When casting was initially announced I remember being disappointed at the assignment of a mezzo-soprano for Verdi’s Lady. Not that I haven’t heard that happen before but it’s rare when you hear even a soprano with the range and technical skills to pull it off let alone a singer who rarely comes closer to the top of the staff than the occasional A-natural. Ekaterina Semenchuk needed no apologies in the role.
Once she was past an initial moment of approximatura on her first downward roulade in the recitative she proceeded to pile drive through ‘Vieni! t’affretta!’ with the most flagrant display of chest voice it has every been my pleasure to hear. The top was never, ever, tense or edgy and she was spot on in the multitude of staccatos sprinkled throughout the role. Spine tingling in both the central section of “La luce langue” and the repeat of the drinking song during the banquet scene, she pared down to an amazing pianissimo that carried perfectly into the theater.
During the sleepwalking scene she had all of the various dynamics at her command and went straight up, with ease, to the D-flat and came back down and no one’s oxygen masks had to be deployed for emergencies. She commanded the stage with broad theatrical gestures that she wore well along with the various gowns and cloaks. (I love a singer who knows how to handle a cape!)
But the real reason we’re enjoying all this sound and fury is so that Maestro Domingo can enjoy his hour upon the stage and be heard yet more and more. Since he has never been the kind of celebrity who hides his age with hair dye, it was something of a surprise to see him take the stage with a full head of shoulder length hair, looking 50 again.

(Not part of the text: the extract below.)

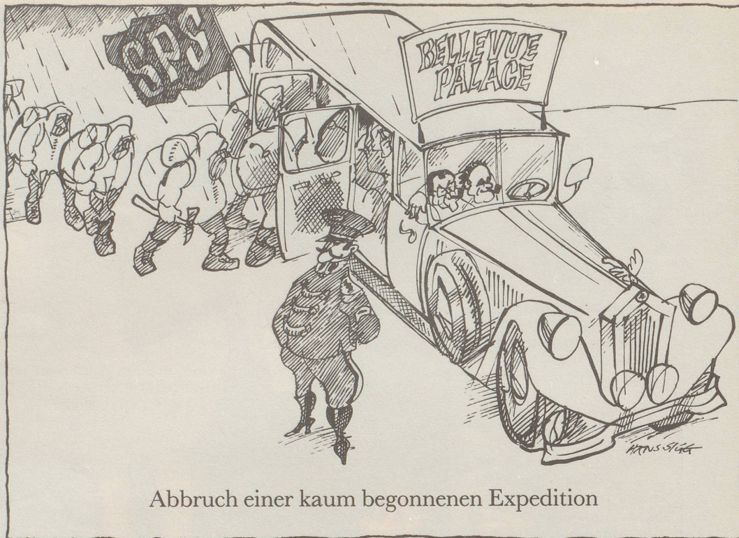
Abbruch einer kaum begonnenen Expedition

Was ist paradox? Wenn einem kaltgestellten Politiker der Boden unter den Füssen zu heiss wird.

The other intriguing thing about hearing a tenor in this role is that Domingo has always had an uncommonly ardent and sincere sound to his voice. He’s the only Macbeth I’ve ever heard who starts out actually sounding innocent. Especially later in “Fatal me donna” with Lady he’s really being talked into it.
Later in the evening when Domingo’s given himself over to the dark side you have to take his word for it because there’s just no malevolence in his timbre. At his current age of 75 it’s an astonishment that the voice itself has actually gained in resonance. True, he’s working harder at it than before. And he had a moment or two where his memory failed him but he knows how to cover better than anyone I’ve ever seen.
Two other things brought the majority of the excitement to this performance. In spite of what would be called Mr. Tresnjak’s conventional work here he does know how to keep a show moving and this production played seamlessly within its acts. He allowed for, and gave his performers, all their moments for audience recognition, thus cannily building the public’s reaction to the point where by the banquet scene (the evening played with one intermission) the audience was in a veritable frenzy at the end of Act II. The finale was capped by 15 minutes of curtain calls from a Los Angeles audience that normally bolts for the parking lot the moment the show is over.
The other reason was the work of the chorus. Though they numbered only 52, thanks to some strong young voices and the set’sdoing double duty as a band shell, they sounded easily like one hundred. In a work this chorus-heavy it was a thrilling and mighty sound to hear. For the chorus of the refugees “Patria oppressa” Tresnjak had the them huddled up towards the front of the stage while a lighting effect gave the impression of a river bank. A sole abandoned child sat center stage staring out in shock at nothing. They sang as one voice and matched each other’s dynamics flawlessly.
Performances run through the middle of October with Ildebrando D’Arcangelo stepping into Banquo’s boots for the last two. The performance of the 13 October is being streamed live on a jumbotron to the Santa Monica Pier and South Gate Park which is becoming something of a tradition for LA Opera.